Maybe this was a weird request, I don't know, Ryan has been sleeping elsewhere for a week now. He's going to be moving all his stuff today. I asked him if he would sleep just one more night at the apartment with me. Never expected sex, and I didn't ask for it. It wasn't what I wanted. All I wanted was for him to sleep next to me one more time.

And he did, he granted my request. He let me snuggle him a little bit this morning before he left. There was one of two ways it could have gone. I could have broken down and begged him to come back again, but I didn't, and when I woke up this morning, I was genuinely happy he was there, even though I knew it was the last time.

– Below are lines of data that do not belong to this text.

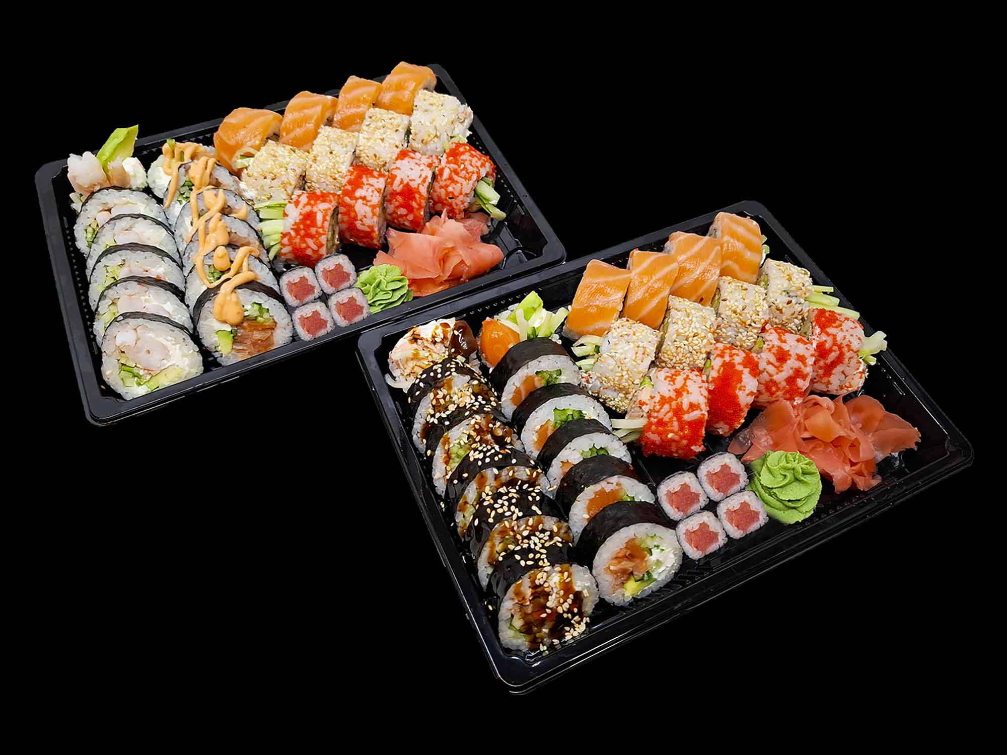 Philadelphia Łosoś 8 szt, California krewetka gold 8 szt, California Łosoś 8 szt, Futo Łosoś surowy 6 szt, Futo z Krewetką 6 szt, Futo Łosoś pieczony 6 szt, Futomaki Łosoś wędzony 6 szt, hoso tuńczyk 8 szt.
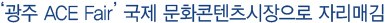 ±¤ÁÖ±¤¿ª½Ã °ü°èÀÚ´Â ¡°À̹ø ±¤ÁÖ ACE Fair´Â Âü°¡¾÷ü¿Í ¹ÙÀÌ¾î ±Ô¸ð»Ó¸¸ ¾Æ´Ï¶ó »ó´ã½ÇÀû¿¡¼ º¼ ¼ö ÀÖµíÀÌ ´ëÇѹα¹À» ´ëÇ¥ÇÏ´Â ¹®ÈÄÜÅÙÃ÷ À¯Åë½ÃÀåÀ¸·Î ÀÚ¸® Àâ¾Ò°í, ±¤ÁÖÀÇ ¹®È»ê¾÷ ¹ßÀüÀ» À§ÇÑ ¹®ÈÄÜÅÙÃ÷ ÃÖ½ÅÁ¤º¸ Á¦°ø Ãø¸é¿¡¼µµ »ó´çÇÑ È£ÀÀÀ» ¾ò¾ú´Ù.¡±¶ó¸ç ¡°¾ÕÀ¸·Î ±¤ÁÖ ACE Fair¸¦ ´ëÇѹα¹À» ¶Ù¾î³Ñ¾î ¼¼°èÀûÀÎ ¹®ÈÄÜÅÙÃ÷ Àü½Ãȸ·Î ¹ßÀü½ÃŰ°Ú´Ù¡±¶ó°í ¸»Çß´Ù.
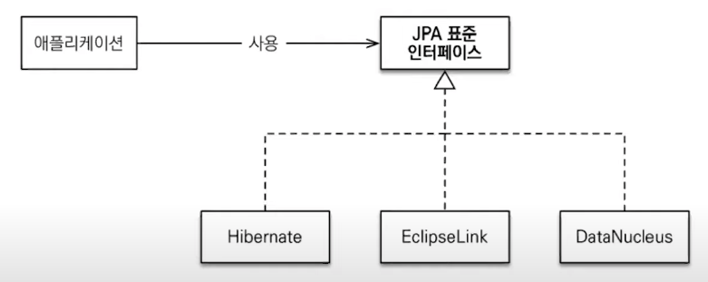 객체지향의 복잡한 구조를 데이터베이스에 어떻게 하면 넣을 수 있을까 하는 API 명세가 JPA 인퍼테이스 입니다. 그리고 해당 인터페이스를 구현한 구현체가 Hibernate , EclipseLink, DataNucleus 입니다.
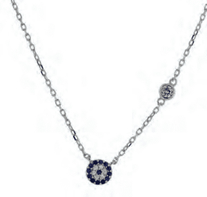Сребърно колие с кръгла висулка с цирконии "Синьо око",тъмносиньо

But here's the puzzling thing- Maybe I heard him wrong. He came to give me a hug of his own free will, and I swear I heard I heard him say "Love you" when he did. I didn't ask, lest he take it back, but I really think that might be what he said. Or I am hallucinating and it was what I wanted to hear. But I don't think I was. I think he really told me, after all these weeks that he loved me.

But if that is the case, what do I do now? I think the right answer to that is simply "Nothing" I do nothing at all, and let him do what he wants, and what he needs to do to find himself again. If he slipped and meant it, then I don't need to do anything. Things will work themselves out on their own. I doubt it was merely habit- those words haven't come out of his mouth in over a month. Of course I still love him too. I will never stop loving him, the way I never stopped loving the other men I have loved.

But by god Ryan, if you still love me, that's all I need to know, and I'll wait as long I need to.
NOVEMBER 24, 2008 @ 10:55 PM | 3 COMMENTS


the apartment always seems more empty after he's just left...
NOVEMBER 23, 2008 @ 08:08 PM | 4 COMMENTS


Roommate situation may be figured out. That is aside from the fact that I am basically going to have to bike out to Howe and Hurley from midtown to sign paper work. Augh, it's gonna be a looooooong ride. I'm in good shape now, but that's still pretty far. And I have to bike to work Tuesday too.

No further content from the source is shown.